(Data entries)
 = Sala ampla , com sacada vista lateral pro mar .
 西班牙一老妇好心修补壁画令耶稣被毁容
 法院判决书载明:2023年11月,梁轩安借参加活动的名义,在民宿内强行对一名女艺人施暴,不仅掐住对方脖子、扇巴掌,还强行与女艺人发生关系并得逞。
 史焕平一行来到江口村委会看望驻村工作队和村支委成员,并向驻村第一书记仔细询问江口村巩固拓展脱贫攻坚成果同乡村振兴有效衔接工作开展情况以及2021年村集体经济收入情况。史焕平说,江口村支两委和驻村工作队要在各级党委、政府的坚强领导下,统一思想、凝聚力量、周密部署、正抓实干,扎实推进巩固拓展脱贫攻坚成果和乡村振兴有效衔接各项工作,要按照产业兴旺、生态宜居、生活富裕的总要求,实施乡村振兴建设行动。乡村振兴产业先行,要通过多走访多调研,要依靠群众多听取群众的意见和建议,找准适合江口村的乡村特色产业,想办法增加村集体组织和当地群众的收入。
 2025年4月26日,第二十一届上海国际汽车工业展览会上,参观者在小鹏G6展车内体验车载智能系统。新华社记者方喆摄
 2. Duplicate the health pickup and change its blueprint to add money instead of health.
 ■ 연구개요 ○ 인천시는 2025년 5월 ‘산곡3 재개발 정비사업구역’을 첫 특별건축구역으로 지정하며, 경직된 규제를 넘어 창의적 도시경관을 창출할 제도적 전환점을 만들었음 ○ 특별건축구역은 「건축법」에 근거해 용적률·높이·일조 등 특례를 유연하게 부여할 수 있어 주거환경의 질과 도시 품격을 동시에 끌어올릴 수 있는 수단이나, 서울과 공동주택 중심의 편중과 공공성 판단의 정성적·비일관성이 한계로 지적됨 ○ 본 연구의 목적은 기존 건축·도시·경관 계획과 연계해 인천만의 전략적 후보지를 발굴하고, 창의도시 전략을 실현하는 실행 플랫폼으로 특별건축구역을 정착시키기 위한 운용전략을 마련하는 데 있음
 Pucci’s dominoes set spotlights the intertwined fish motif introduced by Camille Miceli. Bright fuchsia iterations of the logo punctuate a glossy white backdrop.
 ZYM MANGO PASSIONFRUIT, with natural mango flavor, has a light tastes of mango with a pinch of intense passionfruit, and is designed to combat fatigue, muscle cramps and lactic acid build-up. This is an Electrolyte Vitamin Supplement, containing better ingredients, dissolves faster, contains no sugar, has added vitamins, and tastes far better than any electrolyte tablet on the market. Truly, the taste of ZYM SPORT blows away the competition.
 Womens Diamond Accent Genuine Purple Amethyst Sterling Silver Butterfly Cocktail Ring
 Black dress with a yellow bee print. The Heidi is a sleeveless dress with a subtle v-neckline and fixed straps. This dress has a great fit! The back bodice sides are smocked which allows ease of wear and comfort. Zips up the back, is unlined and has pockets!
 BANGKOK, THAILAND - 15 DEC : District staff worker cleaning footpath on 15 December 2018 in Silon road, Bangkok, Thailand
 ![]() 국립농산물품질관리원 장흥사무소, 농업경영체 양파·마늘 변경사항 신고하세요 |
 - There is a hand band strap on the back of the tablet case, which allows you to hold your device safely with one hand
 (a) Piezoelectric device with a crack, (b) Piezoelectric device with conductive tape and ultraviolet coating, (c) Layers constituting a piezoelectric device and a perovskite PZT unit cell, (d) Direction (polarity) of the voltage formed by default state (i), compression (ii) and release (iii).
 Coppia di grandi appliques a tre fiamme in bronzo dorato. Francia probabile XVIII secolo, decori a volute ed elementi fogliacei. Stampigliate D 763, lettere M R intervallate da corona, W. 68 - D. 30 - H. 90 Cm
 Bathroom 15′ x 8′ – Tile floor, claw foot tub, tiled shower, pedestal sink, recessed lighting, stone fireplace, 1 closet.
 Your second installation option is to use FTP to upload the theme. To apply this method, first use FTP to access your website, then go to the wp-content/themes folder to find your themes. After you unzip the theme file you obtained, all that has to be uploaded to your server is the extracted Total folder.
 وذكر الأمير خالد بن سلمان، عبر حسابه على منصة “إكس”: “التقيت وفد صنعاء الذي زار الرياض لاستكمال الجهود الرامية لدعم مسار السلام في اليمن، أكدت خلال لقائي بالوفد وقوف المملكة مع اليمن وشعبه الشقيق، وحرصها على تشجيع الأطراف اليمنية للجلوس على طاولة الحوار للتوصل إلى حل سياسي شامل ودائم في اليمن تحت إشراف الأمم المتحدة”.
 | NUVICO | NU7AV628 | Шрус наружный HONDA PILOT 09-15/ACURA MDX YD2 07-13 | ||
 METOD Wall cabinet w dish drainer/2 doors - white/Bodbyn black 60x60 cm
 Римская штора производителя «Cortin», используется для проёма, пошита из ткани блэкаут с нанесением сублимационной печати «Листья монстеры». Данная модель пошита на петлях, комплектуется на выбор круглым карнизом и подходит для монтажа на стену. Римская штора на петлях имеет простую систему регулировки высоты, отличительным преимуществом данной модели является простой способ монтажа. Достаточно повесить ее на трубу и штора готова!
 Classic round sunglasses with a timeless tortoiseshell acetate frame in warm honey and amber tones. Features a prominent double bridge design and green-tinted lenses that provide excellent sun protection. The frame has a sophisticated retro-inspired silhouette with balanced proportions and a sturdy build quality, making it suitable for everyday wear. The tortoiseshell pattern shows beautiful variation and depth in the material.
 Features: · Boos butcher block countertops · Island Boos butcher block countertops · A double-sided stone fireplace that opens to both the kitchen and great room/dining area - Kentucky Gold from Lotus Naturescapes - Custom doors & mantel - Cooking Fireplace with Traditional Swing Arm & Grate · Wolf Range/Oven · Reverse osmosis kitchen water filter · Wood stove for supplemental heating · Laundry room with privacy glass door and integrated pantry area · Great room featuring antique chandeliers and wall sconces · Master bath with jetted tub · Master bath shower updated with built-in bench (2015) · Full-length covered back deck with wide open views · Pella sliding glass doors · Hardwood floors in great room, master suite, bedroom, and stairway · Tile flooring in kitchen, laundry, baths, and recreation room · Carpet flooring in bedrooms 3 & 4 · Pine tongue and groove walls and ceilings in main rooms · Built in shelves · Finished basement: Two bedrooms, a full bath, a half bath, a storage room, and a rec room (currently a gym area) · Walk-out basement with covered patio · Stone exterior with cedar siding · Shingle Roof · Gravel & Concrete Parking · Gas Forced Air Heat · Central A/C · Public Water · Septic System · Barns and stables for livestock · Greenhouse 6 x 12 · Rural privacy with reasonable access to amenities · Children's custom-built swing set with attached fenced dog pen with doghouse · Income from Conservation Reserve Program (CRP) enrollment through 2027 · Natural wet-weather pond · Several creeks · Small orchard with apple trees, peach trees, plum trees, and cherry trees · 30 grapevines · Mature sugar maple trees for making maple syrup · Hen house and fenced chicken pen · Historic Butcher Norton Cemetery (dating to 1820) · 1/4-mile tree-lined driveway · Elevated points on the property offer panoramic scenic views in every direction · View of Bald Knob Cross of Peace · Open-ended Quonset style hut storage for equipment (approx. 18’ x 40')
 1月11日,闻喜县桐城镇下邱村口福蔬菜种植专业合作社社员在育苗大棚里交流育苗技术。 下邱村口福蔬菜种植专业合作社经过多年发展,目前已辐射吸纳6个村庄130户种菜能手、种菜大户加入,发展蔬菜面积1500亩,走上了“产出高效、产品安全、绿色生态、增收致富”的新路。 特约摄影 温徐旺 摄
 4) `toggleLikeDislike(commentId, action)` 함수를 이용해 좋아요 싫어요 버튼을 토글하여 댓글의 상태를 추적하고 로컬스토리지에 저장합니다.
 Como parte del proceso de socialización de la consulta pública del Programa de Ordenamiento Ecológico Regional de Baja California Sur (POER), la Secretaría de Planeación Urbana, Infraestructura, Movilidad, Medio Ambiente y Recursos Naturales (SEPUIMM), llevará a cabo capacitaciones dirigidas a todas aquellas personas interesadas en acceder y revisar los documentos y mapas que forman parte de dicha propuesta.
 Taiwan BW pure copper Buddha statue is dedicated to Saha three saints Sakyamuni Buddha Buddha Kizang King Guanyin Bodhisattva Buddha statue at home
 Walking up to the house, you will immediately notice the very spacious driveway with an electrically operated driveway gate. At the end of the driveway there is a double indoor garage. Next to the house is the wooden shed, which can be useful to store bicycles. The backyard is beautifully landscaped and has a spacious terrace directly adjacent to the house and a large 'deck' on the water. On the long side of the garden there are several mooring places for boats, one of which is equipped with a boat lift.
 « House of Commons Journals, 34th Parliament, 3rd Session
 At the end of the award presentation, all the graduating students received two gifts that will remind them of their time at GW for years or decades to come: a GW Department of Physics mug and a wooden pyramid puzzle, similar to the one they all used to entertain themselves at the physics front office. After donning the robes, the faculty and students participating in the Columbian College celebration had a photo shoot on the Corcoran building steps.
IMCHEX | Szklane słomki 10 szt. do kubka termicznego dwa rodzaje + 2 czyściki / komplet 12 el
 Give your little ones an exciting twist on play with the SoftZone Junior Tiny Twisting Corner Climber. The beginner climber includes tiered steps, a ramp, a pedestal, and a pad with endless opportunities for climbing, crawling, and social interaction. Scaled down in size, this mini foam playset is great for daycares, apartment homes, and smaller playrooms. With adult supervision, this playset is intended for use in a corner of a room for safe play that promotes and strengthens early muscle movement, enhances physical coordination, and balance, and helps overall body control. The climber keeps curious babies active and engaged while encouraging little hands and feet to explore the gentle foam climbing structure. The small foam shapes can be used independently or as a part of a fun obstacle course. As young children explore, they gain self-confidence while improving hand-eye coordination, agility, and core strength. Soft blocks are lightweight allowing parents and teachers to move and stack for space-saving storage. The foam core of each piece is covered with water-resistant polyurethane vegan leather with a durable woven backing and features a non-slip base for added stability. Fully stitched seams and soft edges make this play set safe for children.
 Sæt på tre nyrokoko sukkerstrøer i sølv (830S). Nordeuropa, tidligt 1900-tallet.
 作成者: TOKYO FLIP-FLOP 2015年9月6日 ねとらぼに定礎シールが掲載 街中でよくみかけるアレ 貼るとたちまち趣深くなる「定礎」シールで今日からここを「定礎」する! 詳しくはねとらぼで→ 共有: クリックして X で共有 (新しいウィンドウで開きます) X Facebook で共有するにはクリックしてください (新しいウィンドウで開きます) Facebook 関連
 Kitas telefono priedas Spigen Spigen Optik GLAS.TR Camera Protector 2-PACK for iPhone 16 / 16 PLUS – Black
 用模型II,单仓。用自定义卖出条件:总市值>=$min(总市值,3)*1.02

→ **Exercise**
Exactly reproduce the lines that run from the line with "Kitas telefono priedas" through the last line of the records, inclusive.

→ **Answer to this problem**
 Kitas telefono priedas Spigen Spigen Optik GLAS.TR Camera Protector 2-PACK for iPhone 16 / 16 PLUS – Black
 用模型II,单仓。用自定义卖出条件:总市值>=$min(总市值,3)*1.02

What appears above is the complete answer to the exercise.